Problem Statement:
You are given an array, you need to delete the element at nums[i] to earn num[i].
But after every delete, you have to delete all the elements that are equal to num[i] – 1 or num[i] + 1.
You need to return the max sum.
Example
Input: nums = [4,5,3]
Output: 8
First delete 5, so you have to delete 4. Till now earned 5 points.
Then delete 3, you earn “5 + 3 = 8” points.
Solution
This solution can be solved by using DP.
For that we will first see the recurrance relation.
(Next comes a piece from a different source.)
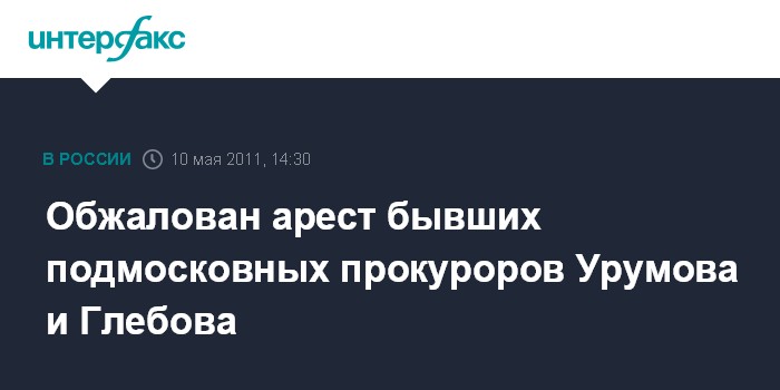 Москва. 10 мая. INTERFAX.RU - Адвокаты бывшего начальника управления Мособлпрокуратуры Дмитрия Урумова и бывшего прокурора Ногинска Владимира Глебова обжаловали решение Басманного суда об их аресте.

Once we form the recurrance relation, it will be easy to perform DP.
This problem can be reduced to house robber problem.
If we understand the problem carefully, then we can deduce below points.
If we take nums[i] then,
we can take all the copies
we cannot take any copies of nums[i-1] and nums[i+1]
So to reduce the problem to house robber problem we can store the occurance of each number in a frequency array and then apply the logic of house robber on the frequency array.
Example: nums = {2, 2, 2, 3, 3, 4, 5, 5}
freq_array = {0, 0, 3, 2, 1, 2}
Below is the solution for Bottom Up approach
Solution in C++
#include <algorithm>
#include <iostream>
#include <string>
#include <queue>
#include <vector>
#include <unordered_set>
#include <list>
using namespace std;
int delete_and_earn_bottom_up(vector<int>& nums)
{
if(nums.size()==0)
return 0;
std::vector<int> freq_arr(10001,0); // frequency of numbers from 1 to 10000
for(int i:nums){
++freq_arr[i];
}
std::vector<int> dp(freq_arr.size()+1,0);
dp[1]=freq_arr[1]*1;
for(int i=2;i<=10000;++i)
{
// at dp[i] we have 2 choices
// either take the ith value and take dp[i-2]
// or you can choose dp[i-1]
// then we need to take the max of both the values
dp[i]=std::max(dp[i-1],freq_arr[i]*i+dp[i-2]);
}
return dp[10000];
}
int main(int argc, char const *argv[])
{
vector<int> nums = {2, 2, 3, 3, 3, 4};
cout<<"The max sum after delete is "<< delete_and_earn_bottom_up(nums)<<endl;
return 0;
}
Output:
The max sum after delete is 9